The Flu, or Not the Flu, That Is the Question

 

Whether ’tis nobler in the mind to suffer the slings and arrows of outrageous rhetoric, or to take arms against a sea of analogies, and by opposing end them.

I remain puzzled about the passions ignited by comparisons of COVID-19 to the flu. Full disclosure: I’m the sort of reckless miscreant who regularly compares COVID-19 to the flu. In fact, I called it the WuFlu in my initial posts on the subject, though I discontinued this practice on March 24, when I found a new data source demonstrating that reported cases in New York City had skyrocketed starting March 19.

Flu manchu. The Kung Flu Pandemic. One Flu Over the Cuckoo’s Nest. Me and you and a dog named Flu. I just can’t stop myself sometimes.

I find the flu to be an excellent, but not perfect, analogy to COVID-19. I’m less interested in arguing the case, than in exploring why the use of this particular analogy, and this particular word, seems to prompt anger in a number of generally thoughtful and sober-minded people.

I’m going to start by trying to “steel-man” the other side of the argument, by presenting ways that COVID-19 is not like the flu.

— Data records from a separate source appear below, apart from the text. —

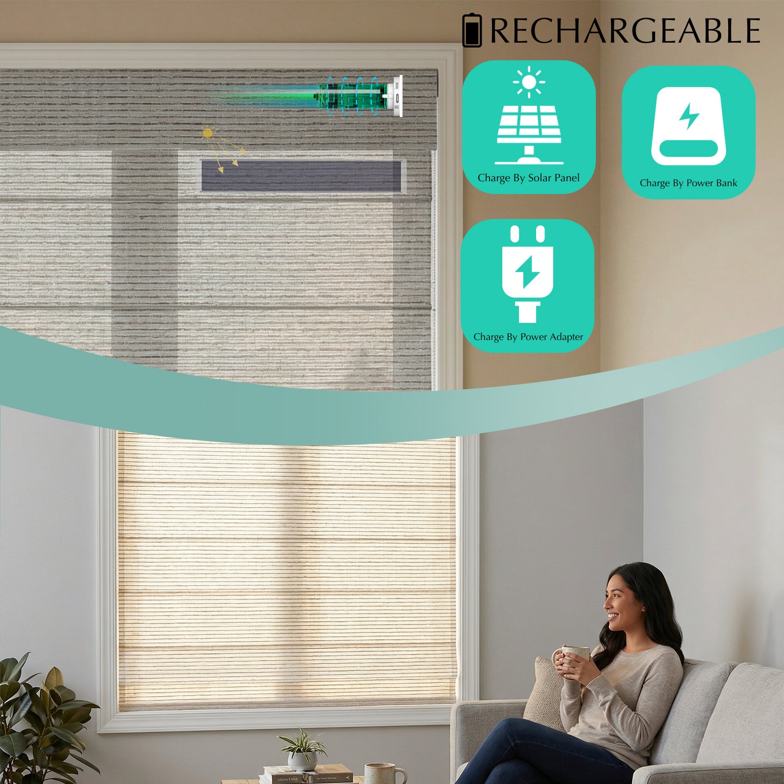 Our blinds have a built-in rechargeable battery, which means there are no cords or external power sources needed. A single charge can power the blinds for up to 600 cycles, or around 6 months, depending on how often they are used. For an even more sustainable power source, you can add a solar panel charging kit. Our cutting-edge technology will elevate your home while aligning with your values.
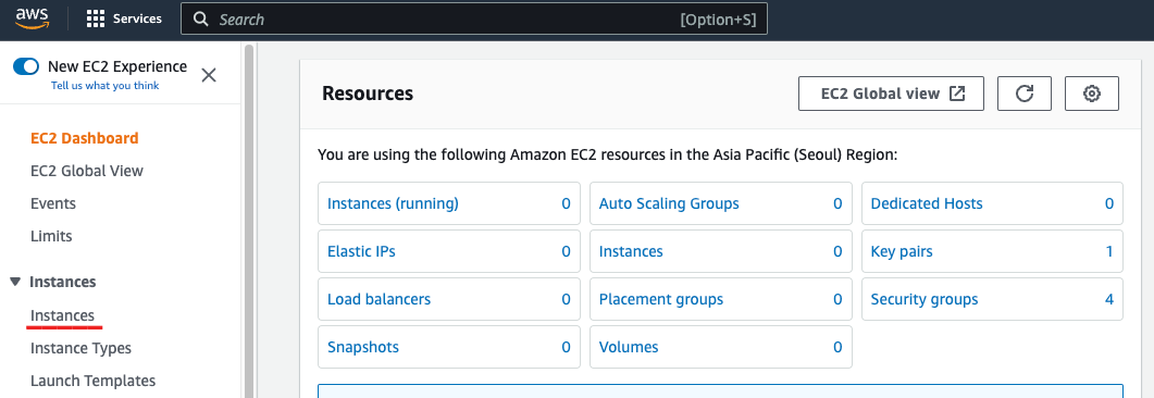메인 콘솔룸에서 서비스란에 EC2를 검색해 가장위에 뜨는 것을 눌러준다.
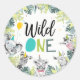 Pegatina Redonda Fiesta Animales Safari Niño Salvaje Un Primer Cump
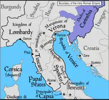 Matilda died sometime after Easter 1030 (when she was at the imperial court) and before January 1034, when Emperor Conrad II issued a diploma at the intervention of his wife Gisela, commemorating her death.[15] She is often said to have died on 29 July 1032. She was buried in Worms Cathedral. After Matilda's death, her young daughters (Beatrice and Sophie) from her second marriage to Frederick were adopted by her sister, Empress Gisela.[16]

  1. SARS-COV-2 is technically a different virus than the flu, and part of an entirely different family of viruses.
  2. COVID-19 is significantly more deadly than the flu (at least more deadly than any flu we’ve seen in a century).
  3. COVID-19 may be substantially more contagious than the flu.  (This remains unclear, but seems plausible based on what I know.)
  4. We have a vaccine for the flu, but no vaccine for COVID-19.
  5. We have established treatments for the flu, including several approved antiviral medications. We don’t have a well-established treatment for COVID-19.
  6. We have a good idea of the characteristics of the flu, from decades of experience, while our knowledge of COVID-19 is much more speculative and uncertain.
  7. We are confident that having the flu provides immunity that prevents re-infection or at least makes re-infection very unlikely. We are not confident about this with COVID-19.

Let me know if any other differences come to mind.

I’m going to elaborate on the issue of the deadlines of COVID-19. Per this CDC site, the number of annual flu fatalities has ranged from 23,000 to 61,000 over the past five years. These are generally spread over the entire year, with a spike during “flu season” in the winter months. COVID-19 has already caused over 72,000 reported deaths in the US, in a period of about eight weeks.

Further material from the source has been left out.